=== INFORMATION PROVIDED ===

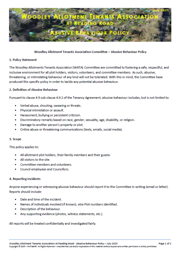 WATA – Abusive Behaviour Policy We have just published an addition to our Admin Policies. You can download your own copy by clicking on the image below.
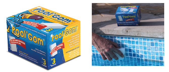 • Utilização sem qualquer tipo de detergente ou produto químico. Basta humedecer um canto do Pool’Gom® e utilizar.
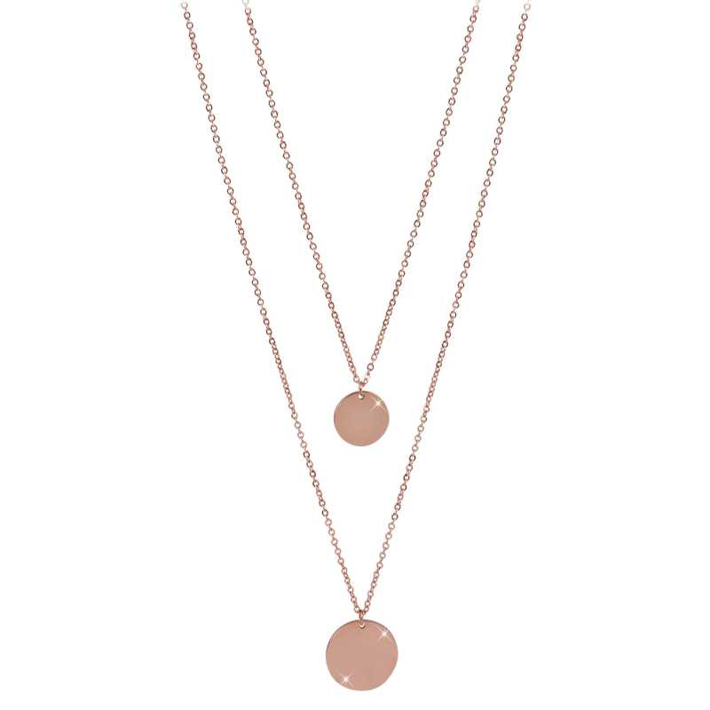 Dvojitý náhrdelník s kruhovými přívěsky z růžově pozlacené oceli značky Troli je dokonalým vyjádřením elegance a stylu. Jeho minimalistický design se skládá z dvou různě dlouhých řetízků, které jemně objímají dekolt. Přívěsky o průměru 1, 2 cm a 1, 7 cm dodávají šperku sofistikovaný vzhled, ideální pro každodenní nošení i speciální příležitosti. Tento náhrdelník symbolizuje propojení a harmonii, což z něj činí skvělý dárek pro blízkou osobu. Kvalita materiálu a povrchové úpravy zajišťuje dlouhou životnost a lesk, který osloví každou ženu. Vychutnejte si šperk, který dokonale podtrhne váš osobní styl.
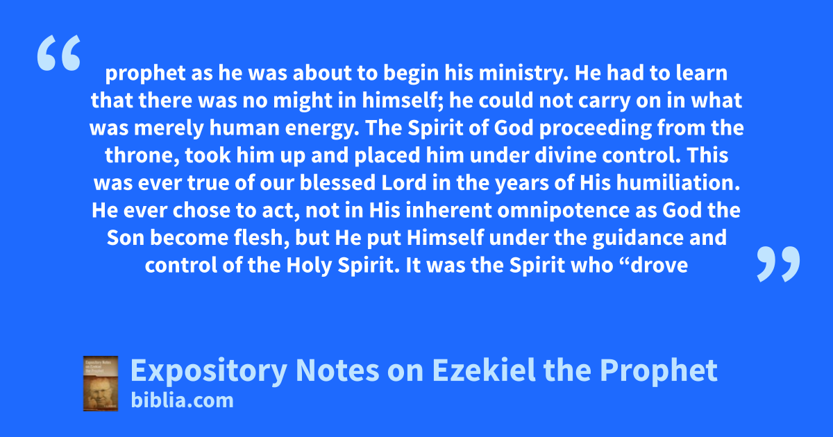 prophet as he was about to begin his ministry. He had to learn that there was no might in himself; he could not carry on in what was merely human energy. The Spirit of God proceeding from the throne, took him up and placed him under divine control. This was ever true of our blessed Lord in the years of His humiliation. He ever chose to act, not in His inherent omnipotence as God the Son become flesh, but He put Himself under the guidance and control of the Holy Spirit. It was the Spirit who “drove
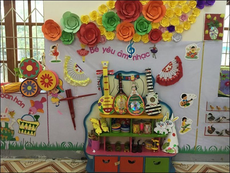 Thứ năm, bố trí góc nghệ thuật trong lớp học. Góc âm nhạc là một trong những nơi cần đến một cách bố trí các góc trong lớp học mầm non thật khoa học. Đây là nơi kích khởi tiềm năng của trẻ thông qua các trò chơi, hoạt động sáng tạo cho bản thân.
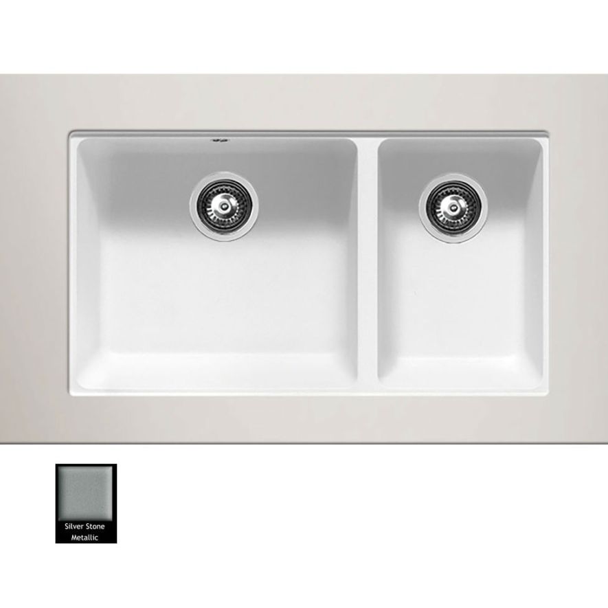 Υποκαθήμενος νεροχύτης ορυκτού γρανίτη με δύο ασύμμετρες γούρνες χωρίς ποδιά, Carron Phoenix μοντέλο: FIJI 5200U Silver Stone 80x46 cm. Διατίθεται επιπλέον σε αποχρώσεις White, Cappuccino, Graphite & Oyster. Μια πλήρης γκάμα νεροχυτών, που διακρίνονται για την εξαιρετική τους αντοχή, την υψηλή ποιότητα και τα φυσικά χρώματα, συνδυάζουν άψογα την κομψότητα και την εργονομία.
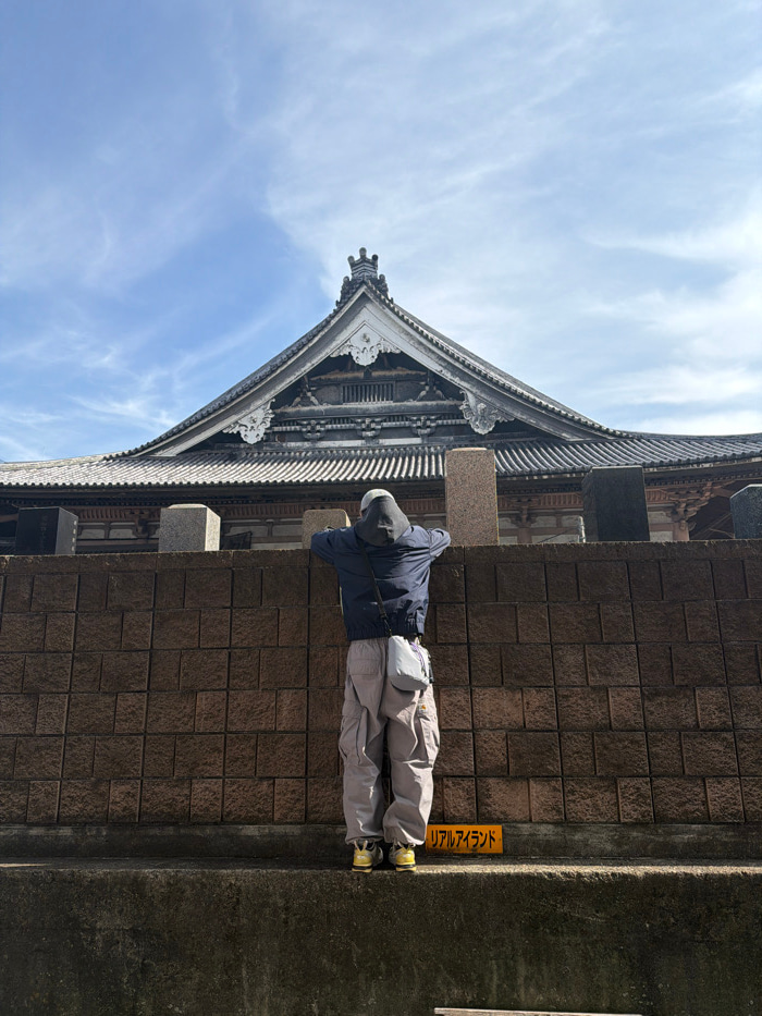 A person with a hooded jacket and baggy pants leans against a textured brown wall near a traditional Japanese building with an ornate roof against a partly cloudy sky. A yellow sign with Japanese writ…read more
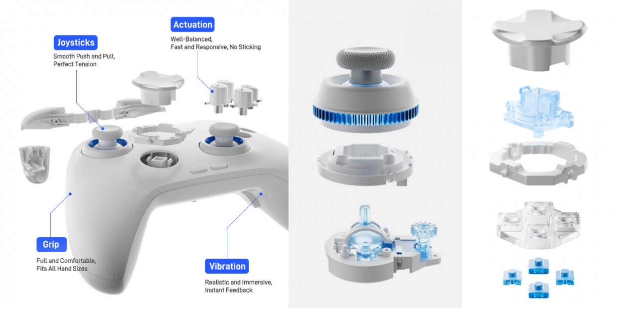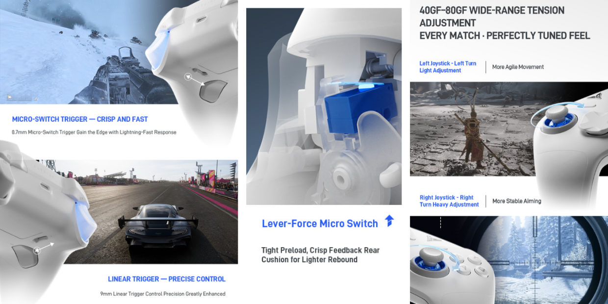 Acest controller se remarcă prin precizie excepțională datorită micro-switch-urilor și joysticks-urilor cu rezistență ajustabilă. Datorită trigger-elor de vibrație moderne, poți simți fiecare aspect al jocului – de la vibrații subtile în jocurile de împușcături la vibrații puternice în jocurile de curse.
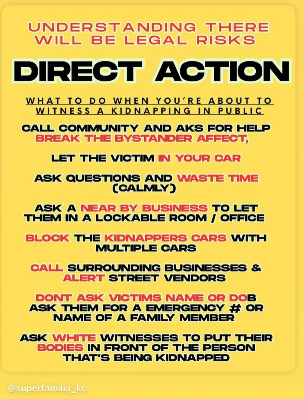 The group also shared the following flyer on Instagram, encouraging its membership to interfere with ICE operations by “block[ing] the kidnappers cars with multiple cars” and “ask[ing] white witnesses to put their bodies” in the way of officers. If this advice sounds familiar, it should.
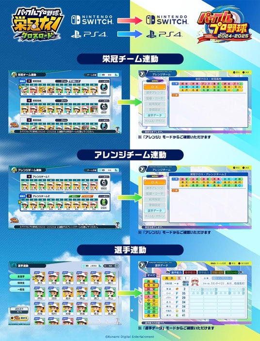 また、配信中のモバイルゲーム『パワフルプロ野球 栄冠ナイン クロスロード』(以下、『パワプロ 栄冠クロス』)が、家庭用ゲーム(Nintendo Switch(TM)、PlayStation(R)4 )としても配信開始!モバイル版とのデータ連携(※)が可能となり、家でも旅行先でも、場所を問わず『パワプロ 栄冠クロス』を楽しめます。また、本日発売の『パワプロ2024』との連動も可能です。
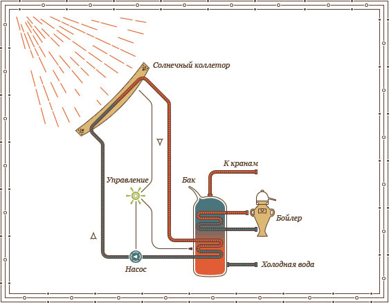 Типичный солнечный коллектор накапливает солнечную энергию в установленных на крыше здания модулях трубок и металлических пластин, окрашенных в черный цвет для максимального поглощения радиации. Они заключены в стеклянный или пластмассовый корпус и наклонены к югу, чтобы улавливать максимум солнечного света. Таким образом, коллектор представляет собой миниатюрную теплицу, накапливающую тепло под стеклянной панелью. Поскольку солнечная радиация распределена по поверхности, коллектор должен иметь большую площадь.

===
=== INFORMATION PROVIDED ===

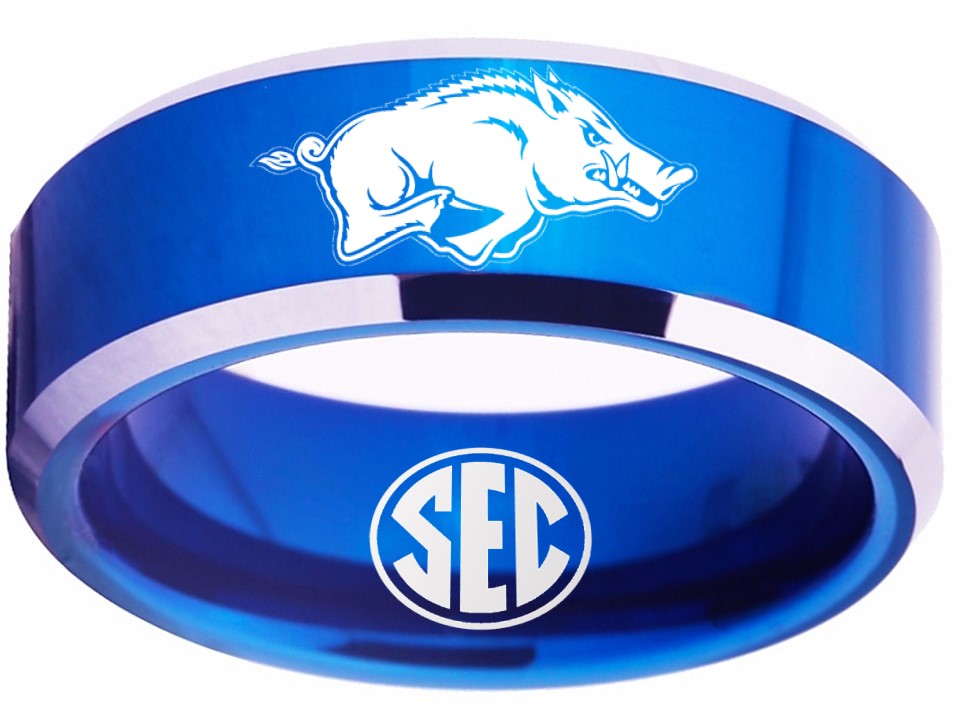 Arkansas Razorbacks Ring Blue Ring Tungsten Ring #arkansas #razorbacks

===
=== INFORMATION PROVIDED ===

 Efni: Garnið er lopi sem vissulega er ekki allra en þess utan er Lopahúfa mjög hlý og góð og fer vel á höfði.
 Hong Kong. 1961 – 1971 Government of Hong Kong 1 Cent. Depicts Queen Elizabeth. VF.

===

Set the pictures aside and retype exactly the lines above from the line with "また、配信中のモバイルゲーム『パワフルプロ野球 栄冠ナイン クロスロード』(以下、『パワプロ" to the line with "Типичный солнечный коллектор", both included, adding no others.

FINISHED TASK:
 また、配信中のモバイルゲーム『パワフルプロ野球 栄冠ナイン クロスロード』(以下、『パワプロ 栄冠クロス』)が、家庭用ゲーム(Nintendo Switch(TM)、PlayStation(R)4 )としても配信開始!モバイル版とのデータ連携(※)が可能となり、家でも旅行先でも、場所を問わず『パワプロ 栄冠クロス』を楽しめます。また、本日発売の『パワプロ2024』との連動も可能です。
 Типичный солнечный коллектор накапливает солнечную энергию в установленных на крыше здания модулях трубок и металлических пластин, окрашенных в черный цвет для максимального поглощения радиации. Они заключены в стеклянный или пластмассовый корпус и наклонены к югу, чтобы улавливать максимум солнечного света. Таким образом, коллектор представляет собой миниатюрную теплицу, накапливающую тепло под стеклянной панелью. Поскольку солнечная радиация распределена по поверхности, коллектор должен иметь большую площадь.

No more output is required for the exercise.